__Stored data__
- - - - -

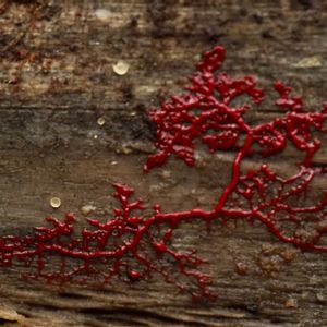 粘菌の 赤い変形体 多分 アカモジホコリだと思います 観察から3日経ちましたが 子実体ならずに うろうろしています😅
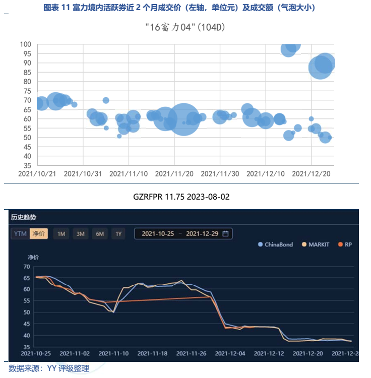 近兩月富力境內活躍券“16富力04”價格從70元檔跌至50元檔,而境外10只存續債中有8只價格在30元檔,已反應展期兌付的不確定性。
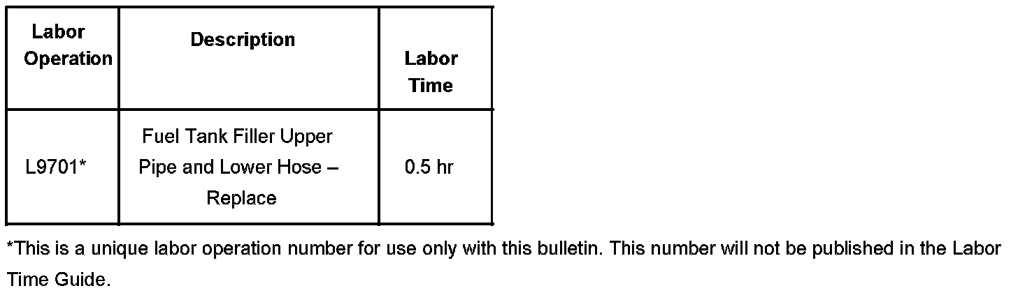 Replace the fuel tank filler upper pipe assembly with P/N 88983256 or P/N 15131043, and lower hose assembly with P/N 15131046. The new upper pipe has been redesigned to provide smoother flow conditions within the section and the lower hose has been redesigned to include a checking feature. Use the procedure listed below.
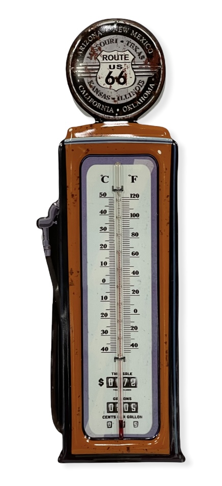 Peltinen lämpömittari Route 66. Lämpötilat sekä Celsius- että Fahrenheit-yksiköillä. Mitat 16 x 48 cm.

- - - - -

__Work to complete__
Reproduce the data verbatim and omit each image.

__Completed task__
 粘菌の 赤い変形体 多分 アカモジホコリだと思います 観察から3日経ちましたが 子実体ならずに うろうろしています😅
 近兩月富力境內活躍券“16富力04”價格從70元檔跌至50元檔,而境外10只存續債中有8只價格在30元檔,已反應展期兌付的不確定性。
 Replace the fuel tank filler upper pipe assembly with P/N 88983256 or P/N 15131043, and lower hose assembly with P/N 15131046. The new upper pipe has been redesigned to provide smoother flow conditions within the section and the lower hose has been redesigned to include a checking feature. Use the procedure listed below.
 Peltinen lämpömittari Route 66. Lämpötilat sekä Celsius- että Fahrenheit-yksiköillä. Mitat 16 x 48 cm.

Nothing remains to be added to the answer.